Vitamin A is a fat soluble vitamin that consists of the Retinoids which includes retinol which is an alcohol form of Vitamin A and retinal which is the aldehyde form of Vitamin A and retinoic acid which is the acid form of Vitamin A.
Vitamin A helps with our:
Vision – helps our eyes adjust to darkness and bright light.
Proper Growth – lack of Vitamin A causes bones to weaken.
Reproduction – helps with sperm production and maintains fertility.
Immunity – helps maintain healthy epithelial tissues that defend us from bacteria, parasites and viral attack.

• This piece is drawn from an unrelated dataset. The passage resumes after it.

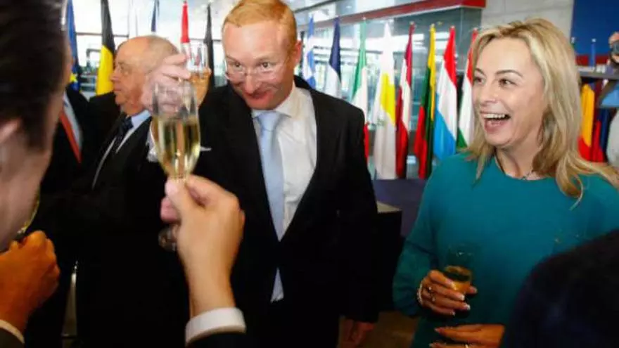 Antonio Campinos brinda con la alcaldesa de Alicante, Sonia Castedo, ayer en la Oami. / jose navarro

It also supports the generation of T lymphocytes that respond to attack invading infections.
Cell Differentiation – helps stem cells mature into differentiated cells and also makes skin cells and mucous membranes.
Vitamin A is stored by the liver (it stores more than 90%), is deposited in fat tissue, lungs and kidneys.

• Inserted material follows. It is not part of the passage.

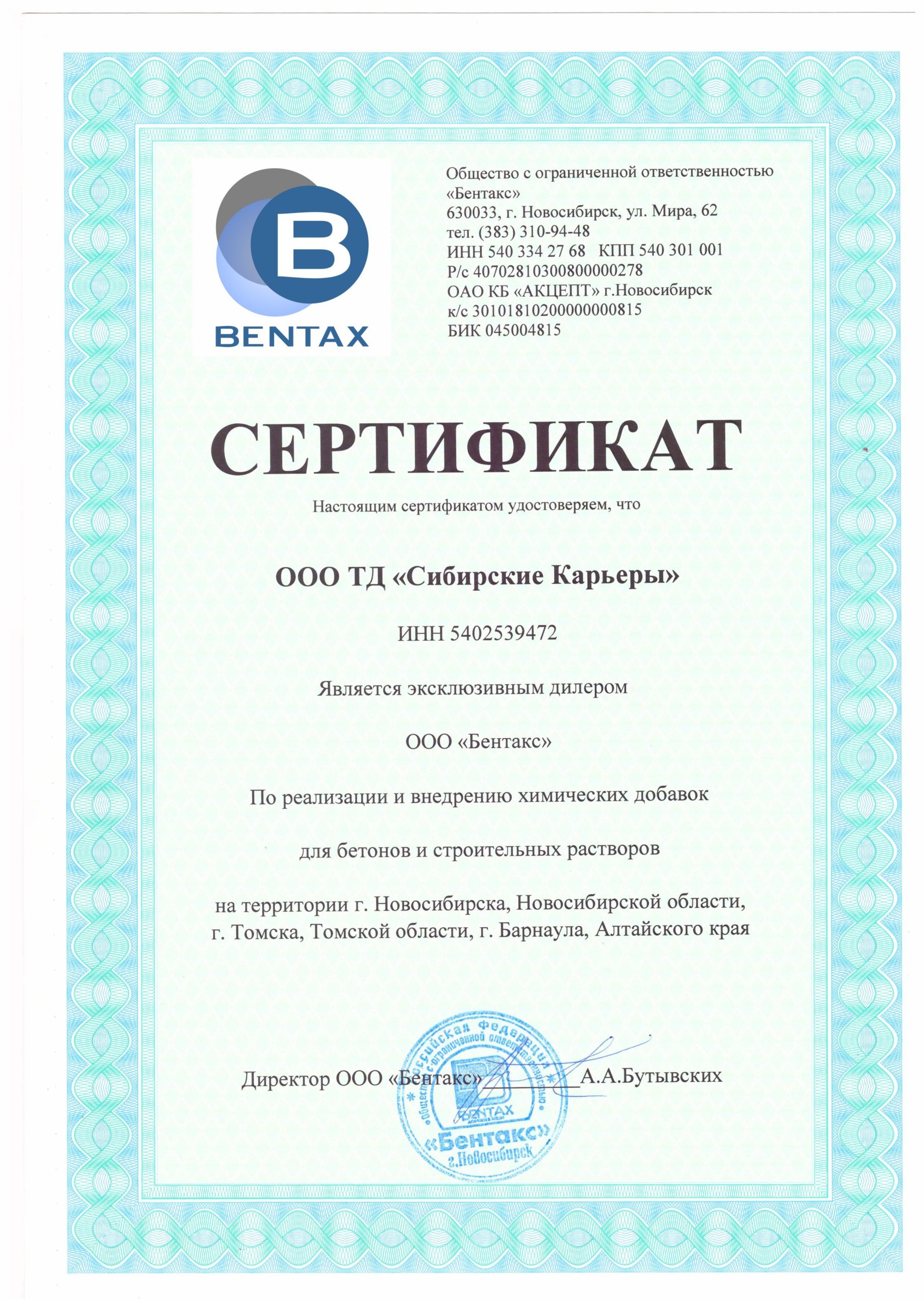 [su_column size=»1/3″] Все актуальные сертификаты и технические условия продукции под маркой «Бентакс» изготовлены и заявлены производителем химических добавок ООО «Бентакс» ИНН 5403342768. [/su_column]

Recommended Daily Allowance (RDA)
The recommended daily allowance of vitamin A for males aged 14 and up is 100 micrograms RAE per day.

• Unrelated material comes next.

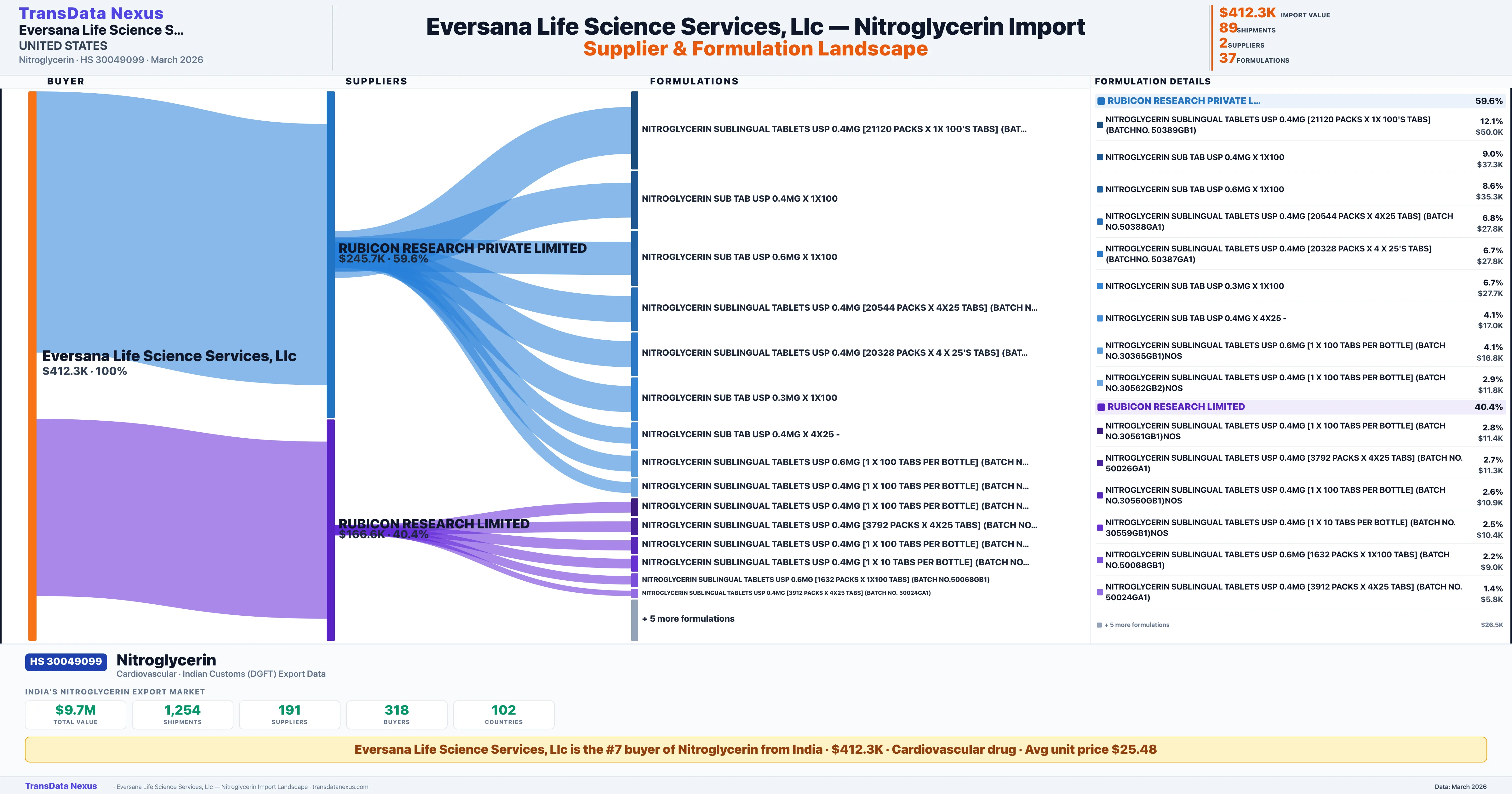 EVERSANA LIFE SCIENCE SERVICES LLC- sources Nitroglycerin from 2 verified Indian suppliers: RUBICON RESEARCH PRIVATE LIMITED ($245.7K, 59.6%), RUBICON RESEARCH LIMITED ($166.6K, 40.4%). This is based on 89 customs records.

Women aged 14 and up are recommended to take 700 micrograms RAE per day.
Preggers are recommended to take 770 micrograms RAE per day.
Lactaters are recommended to take 1300 micrograms RAE per day.
Sources of Vitamin A are cooked beef liver, sweet potato, cooked carrots, cooked chicken liver, cooked spinach, raw spinach, cooked collards and raw romaine lettuce. Vegetables that are orange have higher concentrations of beta-carotene and has the highest potential Vitamin A activity.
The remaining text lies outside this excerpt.